Nothing but the lines below from the one holding "CEMSearch: Name: Annie" up to and including the one holding "또한, 정부의 AI 클러스터, GPU" should be copied, exactly and without pictures.

*MATERIAL SUPPLIED*:

[Start of section]

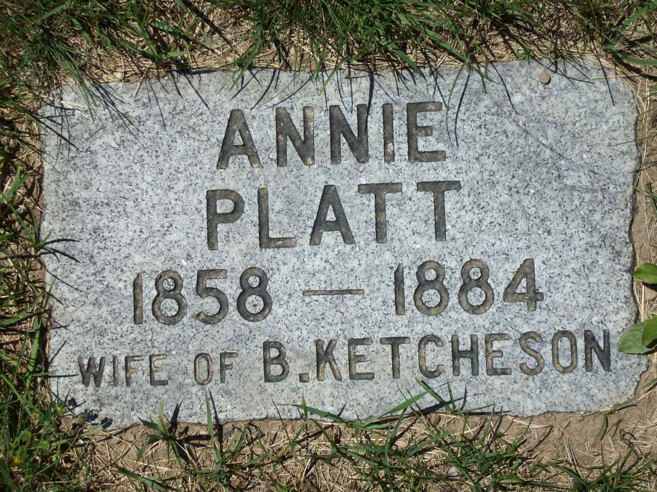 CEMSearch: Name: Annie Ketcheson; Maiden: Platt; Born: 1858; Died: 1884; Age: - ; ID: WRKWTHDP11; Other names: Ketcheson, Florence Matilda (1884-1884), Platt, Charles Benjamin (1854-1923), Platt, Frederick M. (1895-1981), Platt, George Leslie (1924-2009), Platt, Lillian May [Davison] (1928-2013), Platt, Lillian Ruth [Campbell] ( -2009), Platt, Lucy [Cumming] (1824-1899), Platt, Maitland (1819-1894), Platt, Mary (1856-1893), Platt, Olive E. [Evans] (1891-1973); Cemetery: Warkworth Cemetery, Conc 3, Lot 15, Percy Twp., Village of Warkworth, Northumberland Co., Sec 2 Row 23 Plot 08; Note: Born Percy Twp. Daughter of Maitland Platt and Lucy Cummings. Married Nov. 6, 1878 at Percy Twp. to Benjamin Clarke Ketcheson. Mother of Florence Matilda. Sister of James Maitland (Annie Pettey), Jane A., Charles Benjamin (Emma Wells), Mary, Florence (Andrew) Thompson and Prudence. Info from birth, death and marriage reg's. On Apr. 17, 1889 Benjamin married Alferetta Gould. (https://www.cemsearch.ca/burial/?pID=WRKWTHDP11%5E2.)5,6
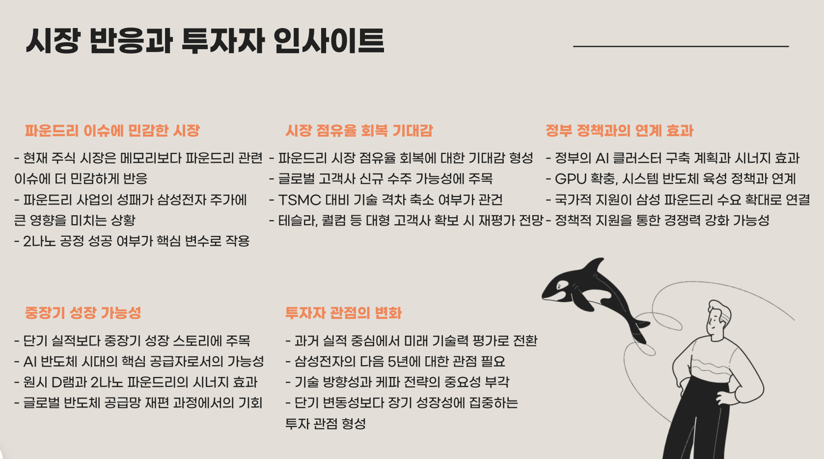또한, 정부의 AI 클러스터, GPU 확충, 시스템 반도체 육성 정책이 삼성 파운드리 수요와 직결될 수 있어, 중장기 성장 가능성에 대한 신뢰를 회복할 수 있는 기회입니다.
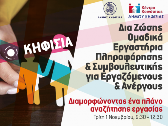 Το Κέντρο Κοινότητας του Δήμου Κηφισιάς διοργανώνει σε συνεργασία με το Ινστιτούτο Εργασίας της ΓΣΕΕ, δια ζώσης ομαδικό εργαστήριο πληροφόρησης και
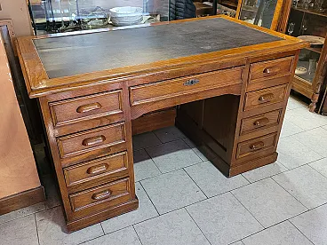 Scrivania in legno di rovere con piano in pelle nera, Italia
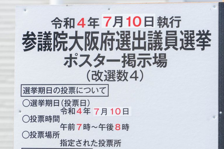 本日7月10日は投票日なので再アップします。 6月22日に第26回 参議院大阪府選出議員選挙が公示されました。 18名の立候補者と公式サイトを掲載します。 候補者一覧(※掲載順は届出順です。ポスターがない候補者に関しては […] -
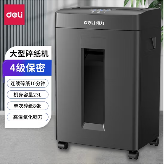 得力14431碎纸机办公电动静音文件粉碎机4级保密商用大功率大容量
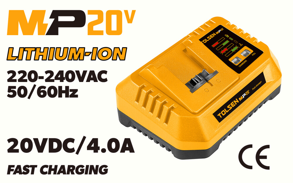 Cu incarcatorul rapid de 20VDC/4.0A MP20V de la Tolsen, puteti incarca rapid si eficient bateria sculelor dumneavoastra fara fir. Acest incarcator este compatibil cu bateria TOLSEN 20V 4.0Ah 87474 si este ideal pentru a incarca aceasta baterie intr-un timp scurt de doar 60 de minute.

[End of section]
[Start of section]

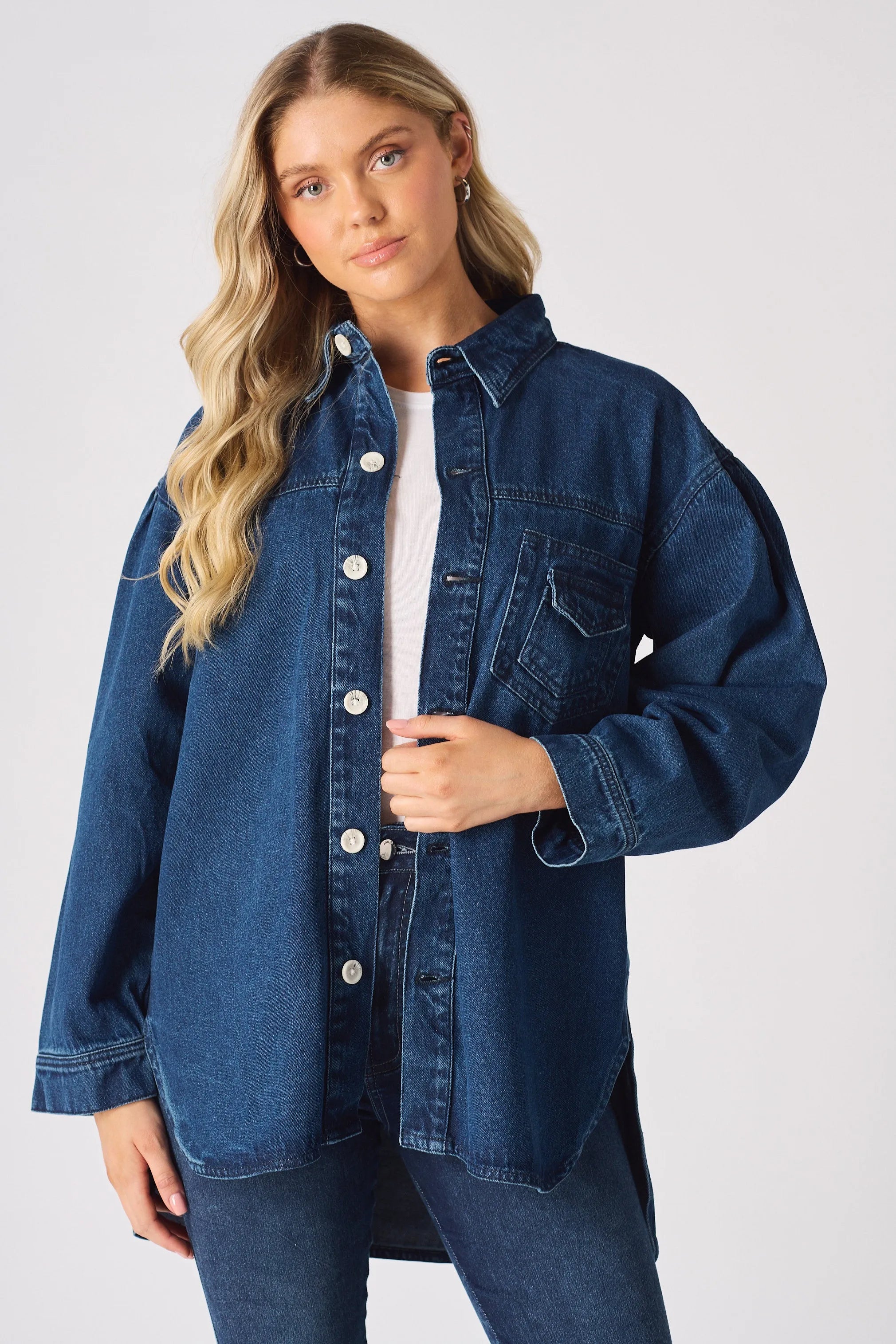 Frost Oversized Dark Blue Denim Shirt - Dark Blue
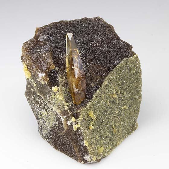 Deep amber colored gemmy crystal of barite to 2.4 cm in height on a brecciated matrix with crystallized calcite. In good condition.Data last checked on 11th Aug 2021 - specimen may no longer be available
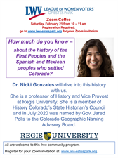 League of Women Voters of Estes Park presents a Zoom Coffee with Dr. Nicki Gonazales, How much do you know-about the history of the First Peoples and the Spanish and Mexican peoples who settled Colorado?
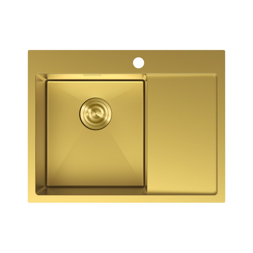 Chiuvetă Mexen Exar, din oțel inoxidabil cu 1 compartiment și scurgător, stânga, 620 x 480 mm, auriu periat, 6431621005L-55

[End of section]

*RESULT OF THE EXERCISE*:
 CEMSearch: Name: Annie Ketcheson; Maiden: Platt; Born: 1858; Died: 1884; Age: - ; ID: WRKWTHDP11; Other names: Ketcheson, Florence Matilda (1884-1884), Platt, Charles Benjamin (1854-1923), Platt, Frederick M. (1895-1981), Platt, George Leslie (1924-2009), Platt, Lillian May [Davison] (1928-2013), Platt, Lillian Ruth [Campbell] ( -2009), Platt, Lucy [Cumming] (1824-1899), Platt, Maitland (1819-1894), Platt, Mary (1856-1893), Platt, Olive E. [Evans] (1891-1973); Cemetery: Warkworth Cemetery, Conc 3, Lot 15, Percy Twp., Village of Warkworth, Northumberland Co., Sec 2 Row 23 Plot 08; Note: Born Percy Twp. Daughter of Maitland Platt and Lucy Cummings. Married Nov. 6, 1878 at Percy Twp. to Benjamin Clarke Ketcheson. Mother of Florence Matilda. Sister of James Maitland (Annie Pettey), Jane A., Charles Benjamin (Emma Wells), Mary, Florence (Andrew) Thompson and Prudence. Info from birth, death and marriage reg's. On Apr. 17, 1889 Benjamin married Alferetta Gould. (https://www.cemsearch.ca/burial/?pID=WRKWTHDP11%5E2.)5,6
또한, 정부의 AI 클러스터, GPU 확충, 시스템 반도체 육성 정책이 삼성 파운드리 수요와 직결될 수 있어, 중장기 성장 가능성에 대한 신뢰를 회복할 수 있는 기회입니다.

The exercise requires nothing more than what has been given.